As the Supreme Court noted in Mistretta v. United States, 488 U.S. 361, 374 n.7 (1989), decisions which have permitted the delegation of authority outside the branch to which the authority is assigned have done so on the narrowest of grounds. See, e.g., United States ex rel. Accardi v. Shaughnessy, 347 U.S. 260 (1954) (Attorney General’s own regulation delegating his discretionary powers to the Board of Immigration Appeals was permitted because he could reassert his power by amending the regulation); United States v. Nixon, 418 U.S. at 696 (Attorney General retained power to revoke regulation authorizing special prosecutor to obtain discovery and to oppose the Executive’s invocation of Executive privilege); Mistretta, 488 U.S. at 371-79 (1989) (Congress’ delegation of power to an independent Sentencing Commission to promulgate sentencing guidelines was not an excessive delegation of legislative discretion because of the specific guidelines and constraints imposed by Congress on the Commission); but see Panama Refining Co. v. Ryan, 293 U.S. 388 (1935) (improper delegation where Congress, under the depression era National Industrial Recovery Act, delegated certain law-making authority to the Executive branch but without articulating specific standards or "an intelligible principle" for the exercise of discretion by the Executive). See also Morrison v. Olson, discussed in more detail below. Here, of course, Congress delegated the Executive’s prosecutorial discretion to relators with no standards governing the conduct of the relators and no effective control by the Executive.

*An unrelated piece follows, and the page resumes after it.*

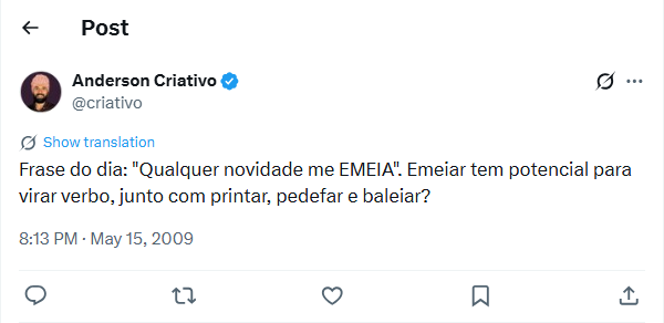 (2) “[…] Emeiar tem potencial para virar verbo, junto com printar, pedefar e baleiar?”
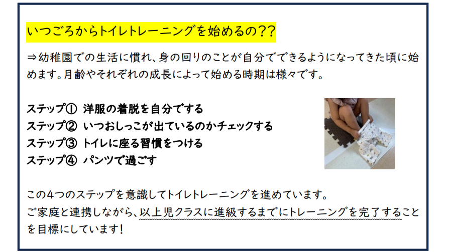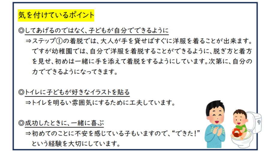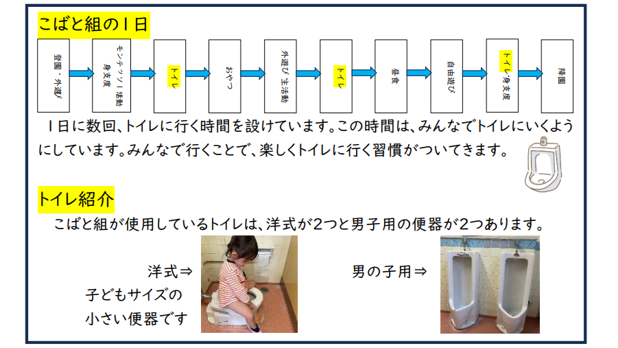 トイレトレーニング コンテンツ集 2024年5月7日 マリアこども園には、こばと組(2歳児クラス)があります。 こばと組に入園してくるお友達は、お家の方と離れて幼稚園で集団生活をするのは初めての方がほとんどです。 幼稚園で1日過ごす中で、先生やお友達と関わったり、食事をしたり、排泄をしたり、自分の身の回りのことを自分でできるようになってきます。 その中で、トイレトレーニングはこばと組(2歳児クラス)で取り組んでいることの一つです。

The FCA commits all three separation of powers sins by turning over prosecutorial controls to qui tam relators with no fealty to the Executive and no duty or interest in assuring faithful execution of the law. A qui tam relator is a government prosecutor who is not subject to Executive appointment or discharge control, and not subject to either the political or the prudential considerations that are encompassed by the notion of prosecutorial discretion. As the Supreme Court has recognized, relators are "motivated primarily by prospects of monetary reward rather than the public good," and therefore the "relator’s interests and the government’s do not necessarily coincide." Hughes Aircraft Co. v. United States ex rel. Schumer, 520 U.S. 939, 949 (1997). This conflicting interest between relators, who claim to represent the government, and the government, which is often in an adversarial position with respect to the relator, is perhaps the most apparent flaw that has emerged from Congress’ tampering with the constitutional framework.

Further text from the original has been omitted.